Open Source

I built a hybrid MoE runtime that does 3,324 tok/s prefill on a single 5080. Here are the benchmarks.

New hybrid CPU/GPU system runs 80B parameter models on consumer hardware with breakthrough prefill speeds.

Deep Dive

A developer has unveiled Krasis, a novel hybrid CPU/GPU runtime engineered specifically for large Mixture-of-Experts models. The system fundamentally rethinks how inference is handled by dedicating the GPU's full power to the computationally intensive 'prefill' phase—processing the initial prompt—while offloading the subsequent token generation ('decode') to the CPU. This architecture, combined with aggressive use of system RAM as a staging area, allows models far exceeding GPU VRAM capacity to run at practical speeds. Benchmark results are striking: on a single consumer-grade RTX 5080, Krasis processed the 80-billion-parameter Qwen3-Coder-Next model at 3,324 tokens per second during prefill, with a Time-To-First-Token of just 9.7 seconds for a 35K token context.

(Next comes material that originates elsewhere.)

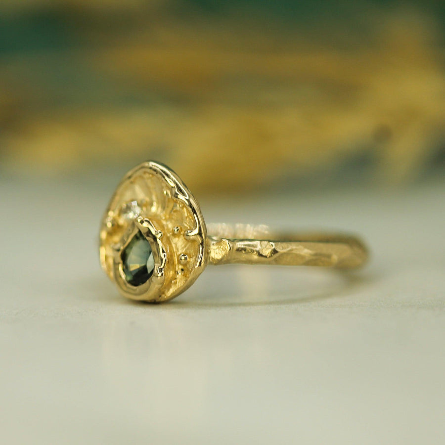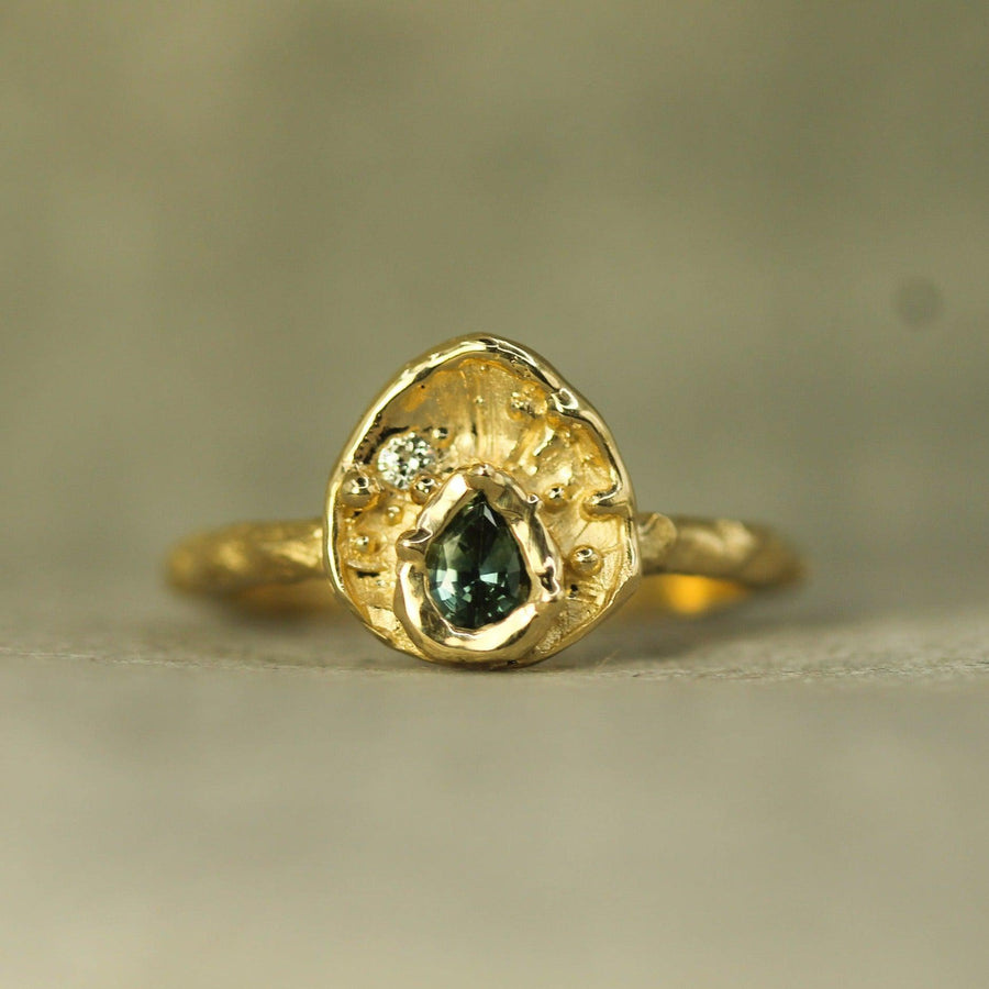- .5ct teal sapphire with an accent diamond

The technical breakthrough lies in treating the GPU as a streaming compute engine, pushing model weights through VRAM as fast as possible and hiding data transfer latency under concurrent computation. This stands in contrast to standard runtimes that offload only a few layers to the GPU, resulting in a 'slow CPU slog' for most of the model. The trade-off is significantly higher system RAM usage—about 2.5x the quantized model size—but this is a favorable exchange given RAM's lower cost compared to VRAM. Currently supporting NVIDIA cards and models like Qwen3-Coder-Next and DeepSeek V2-Lite, Krasis demonstrates that specialized runtimes can dramatically improve accessibility to state-of-the-art, massive AI models without requiring datacenter-grade hardware.

Key Points
  • Achieved 3,324 tokens/second prefill speed for 80B Qwen3-Coder-Next model on a single RTX 5080 16GB GPU
  • Uses novel architecture: GPU handles full prefill pass, CPU handles decode, with system RAM as high-bandwidth staging area
  • Enables running models 2-5x larger than available VRAM by trading expensive VRAM for cheaper, abundant system RAM

Why It Matters

Democratizes access to massive coding/assistant models by making them runnable on consumer hardware, bypassing VRAM limitations.